Moreover, the authors have not designed an issuance tool to limit the risks, in other words, an active or a hybrid issuance rule, and have designed a passively-issued CBDC instead, so in this proposal there would be no limit to large scale migrations from bank deposits to CBDCs. The authors suggest mitigating the risk of systemic bank runs with an unlimited implementation of the LOLR function. Given that the proposal would discourage and phase out the use of cash, the economy could benefit from negative interest rates [41]. In this scenario, the ZLB constraint would fall and a policy of interest rates cuts below zero would encourage consumption and investment. In a scenario with a full migration from bank deposits to CBDCs the commercial banking system would be disintermediated and the interest rate on CBDC would be directly applicable to households and companies. In this proposal CBDCs are issued in exchange for public debt instead of reserves, so in a scenario of a high CBDC demand the government must issue new public debt and the CBDC dilemma is between low levels of risks (I), (III), (IV), (V) and a low level of risk (II).
In the fifth column of Table 2 we show a particular CBDC issuance by the People’s Bank of China (PBoC). During a two-year period, from 2017 to 2019, public authorities in China required Bigtechs-e-money issuers, namely, Alibaba and TenCent, to gradually adopt a 100 percent minimum reserve requirement in central bank reserves [42]. As it was analyzed by the IMF [9], this reform implied a synthetic CBDC issuance, in other words, an indirect and on balance sheet ledger approach, and turned these Bigtechs into narrow banks. The main aim of the PBoC’s reform was to limit interlinkages between commercial banks and these Bigtechs operating as money market funds. While the reform limited these interlinkages, the PBoC created a structural shrink in the commercial bank balance sheet, as Table A9 shows. In the first step, the amount of bank deposits backing the Bigtechs’ e-money is replaced by CBDCs, which implied a reduction in reserves and deposits within the commercial banks’ balance sheet.
Because these CBDCs are non-interest bearing and passively issued, there is no limit on CBDC demand by users. The second step of Table A9 shows the effects of a migration from bank deposits to CBDC-backed e-money. In its second white paper, Facebook [23] put forward a single-currency stablecoin issuance, which would have the same design features as e-money since it would be a sovereign-denominated passively-issued and claim-like means of payment backed by cash equivalents and short-term securities. Moreover, Facebook has also proposed to public authorities a CBDC-backed e-money in the same way as the Chinese Bigtechs.

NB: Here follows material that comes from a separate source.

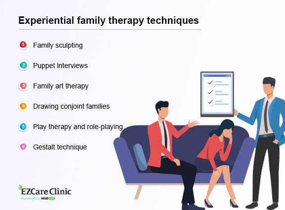 There are several interesting interactive techniques used in experiential family therapy. Their purpose is to increase the involvement and insight of the therapy members.

3.2. CBDCs as New Means of Payment that Would Replace all Bank Deposits

In this second group of CBDC proposals proponents aim at mitigating the dysfunctions of the fractional reserve banking system, in other words, the risks of systemic bank runs and economic and financial bubbles. As studied in Section 2.3, the bank-money creation process is the only cause of endogenous economic crisis. Commercial banks recurrently behave procyclically issuing bank deposits in processes of credit expansions, which disrupts the productive and consumption structure and overheats the economy. The proponents argue that CBDCs are an appropriate tool to improve financial stability and reduce banks’ moral hazard by downscaling the role of the banking system in money creation. These CBDC proposals are under the umbrella of the full reserve banking proposals. For nearly two centuries, several economists have been putting forward monetary-financial reforms [43,44] aimed at mitigating the risks of systemic bank runs and economic and financial bubbles by removing the ability of banks to create deposits in the process of making loans and, at the same time, analyzing the risks stemming from a rapid and full bank disintermediation, such as the rise of the shadow banks.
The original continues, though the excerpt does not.